APPENDIX 5: PHARMACOKINETICS OF GLYPHOSATE AND ITS METABOLITE AMPA IN RATS
Anadon et al (2009): Laboratory grade glyphosate (Sigma Chemical Co, St Louis, MO, USA; purity 95%) was administered to male Wistar rats (Charles River Inc, Margate, Kent, UK; bw 200 – 210 g) at 100 mg/kg bw IV (in 0.1 mL glycerol formal) or 400 mg/kg PO (gavage to fasted animals in 0.5 mL corn oil). Groups of 8 rats were killed and exsanguinated at 0.25, 0.5, 1, 2, 4, 6, 8, 10, 12 and 24 h post-dosing, and the concentrations of glyphosate and aminomethyl phosphonic acid (AMPA) were measured in plasma by HPLC with fluorescence detection.
Glyphosate, IV administration: Following an initial peak concentration (Cmax) of 166 µg/mL plasma pharmacokinetics were biphasic, consistent with a two-compartment open model, with rapid distribution and gradual elimination. The volume of distribution at steady state was 2.99 L/kg, suggesting extensive diffusion into the tissues. Clearance was 0.995 L/h/kg. The elimination half-life from plasma was 9.99 h and the area under the concentration vs time curve (AUC) was 100 mg.h/L.
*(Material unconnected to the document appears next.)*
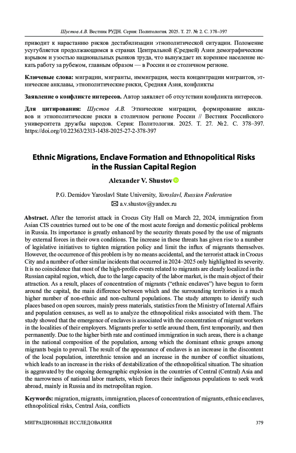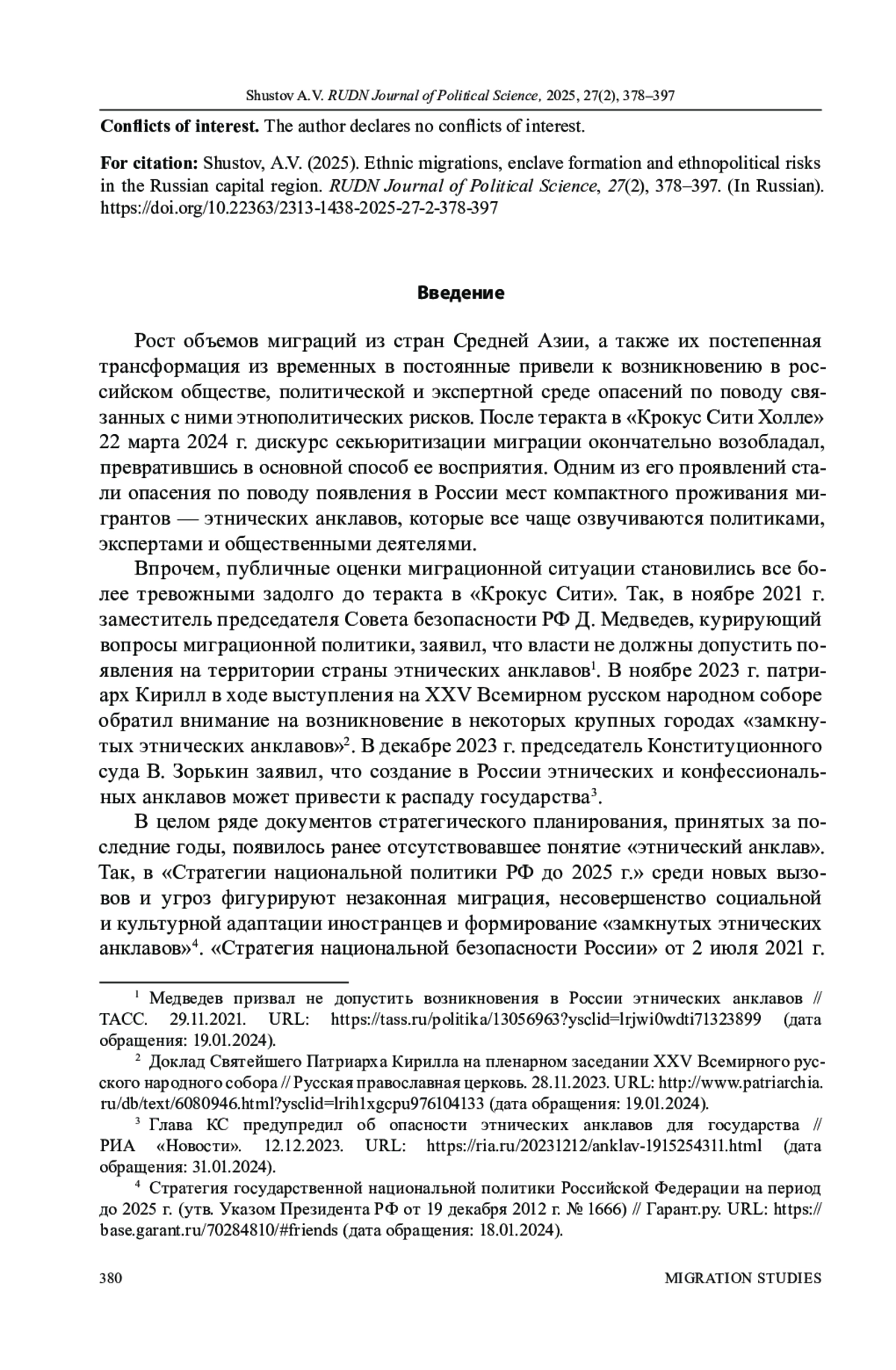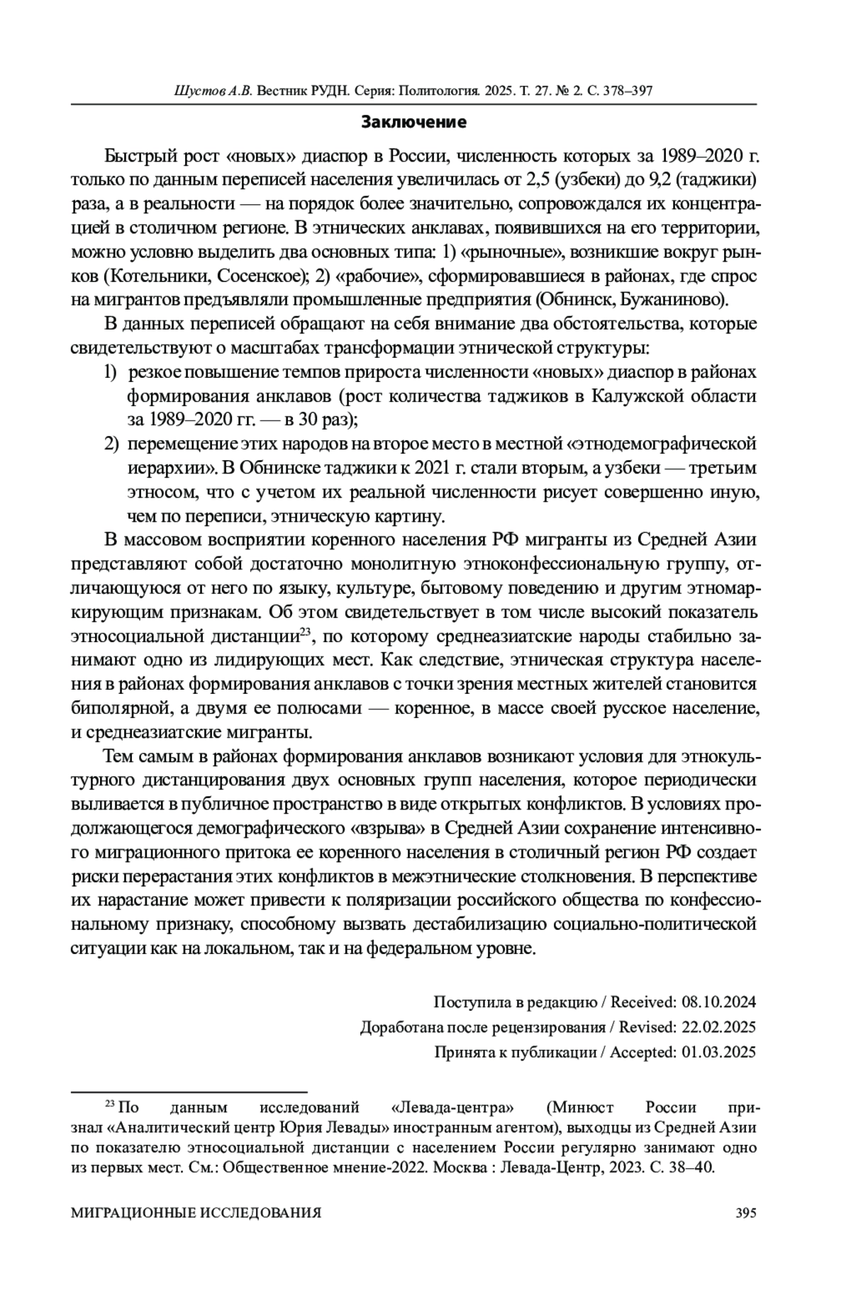 10. Шустов А.В. Контуры миграционного кризиса 2020-2022 гг. в России // Социологические исследования. 2023. № 4. С. 51-64. DOI: 10.31857/S013216250023213-7 EDN: PIUJTM

Glyphosate, PO administration: Absorption from the GIT was gradual, with a Cmax of 4.62 µg/mL occurring in plasma at 5.2 h. Oral bioavailability was poor (23.2%). Clearance was the same as following IV administration and the AUC was similar (at 93.3 mg.h/L), but the elimination half-life from plasma was appreciably more prolonged (14.4 h).
AMPA: The metabolite first appeared in plasma within 0.25 h of PO dosing, and had similar pharmacokinetic behaviour to glyphosate. The Cmax (0.42 µg/mL) occurred at 2.4 h. An AUC of 6.1 mg.h/L was attained, ca 6.5% of glyphosate’s AUC in plasma. The elimination half-life of 15.1 h was similar to that of the parent chemical after PO administration.